Na samym początku zawiodły media, jak na próbie wszystko poszło gładko tak już przed godziną zero nic nie chciało działać. Połączenie z laptopa było koszmarne i jeszcze drżące a telefon zbuntował się i odrzucał połączenie. Po kilku próbach w końcu się udało. Okazało się, ze nie tylko ja byłam w stresie ? od razu na początku zostałam Barbarą ? czyli jak to mówią strach i stres udzielił się wszystkim. Po takim wstępie weszłam ja, a moje myśli tak rozbiegane, że dobrym pomysłem było napisanie na dużej kartce i postawienie przed nosem „przedstawić się i podziękować sponsorom” Po kilku słowach wstępu poszło… i powiem Wam, że mimo stresu jak człowiek ma wiedze na temat tego co mówi idzie jakoś przeżyć. Koniec końców oprócz obaw o zerwanie połączenia, wszystko było do przeżycia. Mniej więcej wiedziałam, że temat rzeka i opowieści starczyło by mi na kilka godzin. Postanowiłam skupić się na newralgicznych etapach a resztę wrzucić w post, bo samo wymachiwanie przed kamerą nie wystarczy aby połapać się o czym człowiek mówi do słuchaczy  a tym bardziej do rozpoczynających przygodę z szyciem.

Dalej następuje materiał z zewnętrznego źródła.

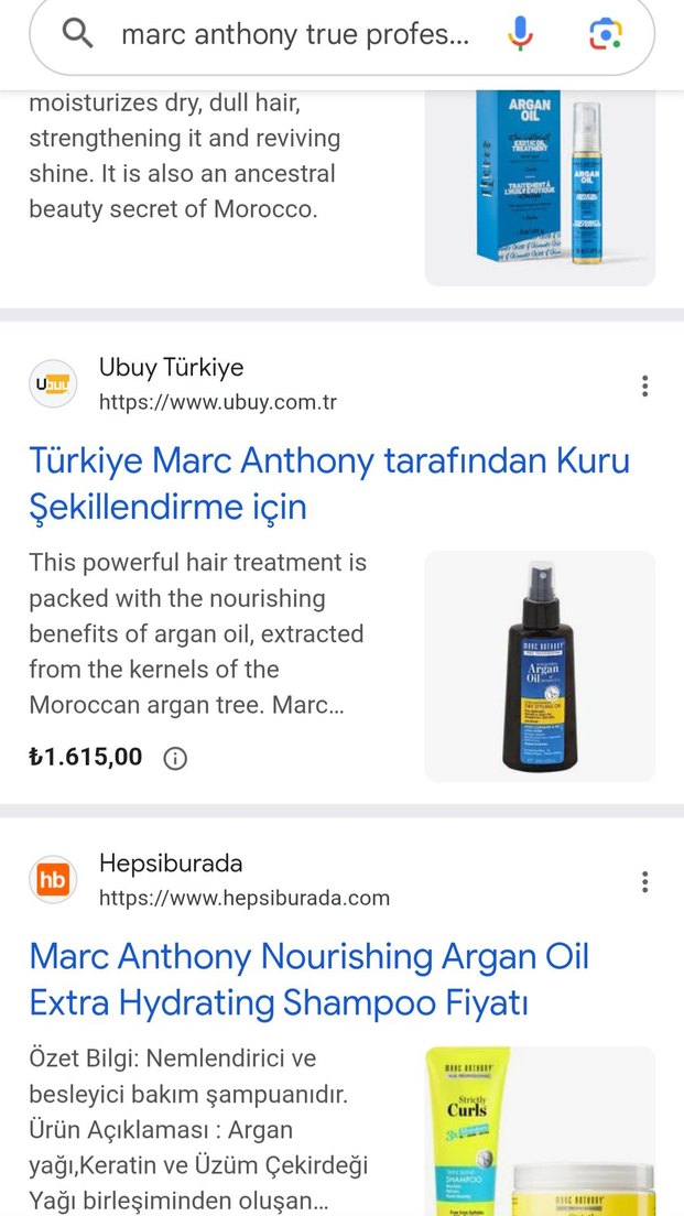Marc Anthony Besleyici Argan Yağı, Fas argan ağacından elde edilen argan yağı ile güçlendirilmiş kuru saçlar için bakım spreyi. Saçı güçlendirir ve parlaklık kazandırır. 2 3 defa kullanıldı.
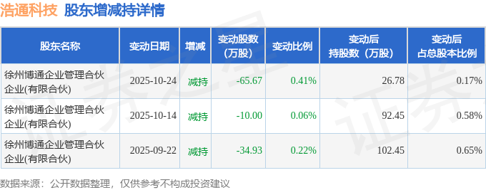 截至2025年10月29日收盘,浩通科技(301026)报收于27.13元,上涨1.99%,换手率2.76%,成交量3.08万手,成交额8260.12万元。

Podsumowując, wiem, ze teraz zrobiłabym to zupełnie inaczej, ale jak wiecie tylko doświadczenie jest w stanie wnieść nowe. Człowiek całe życie się uczy. Poza tym na miejscu Burdy poszukałabym innych możliwości na udostępnianie live bo nie dość, że jakość okropnie się  psuje to jeszcze powstają takie błędy jak Tytuł pod moim Livem, którego podobno nie można już zmienić  ?

Trudno się mówi i idzie się dalej…

Tak wygląda kurtka na człowieku. Moim zdaniem ma potencjał. Pokazałam ją tu w bardzo spokojnej wersji, skupiając się tylko na dwóch kolorach, aby jak najbardziej wyeksponować kurtkę. Wersja z tkaniny będzie naprawdę fajną alternatywą tego wykroju, ale o tym już wkrótce 🙂

Tak mi było szkoda wyrzucić kawałeczek pikówki, który mi został i postanowiłam wymyślić jakąś torebeczkę, która dopełni całości. Przyznam, ze już się polubiłyśmy bo jest zgrabna ale bardzo pojemna i noszę ją też do innych rzeczy zwłaszcza do czarnych kurtek wygląda bardzo fajnie.

Kurtka będzie moją ulubioną ? bo okazała się bardzo wygodna i niezmiernie twarzowa a przy ascetycznym czarnym wygląda wręcz gwiazdorsko.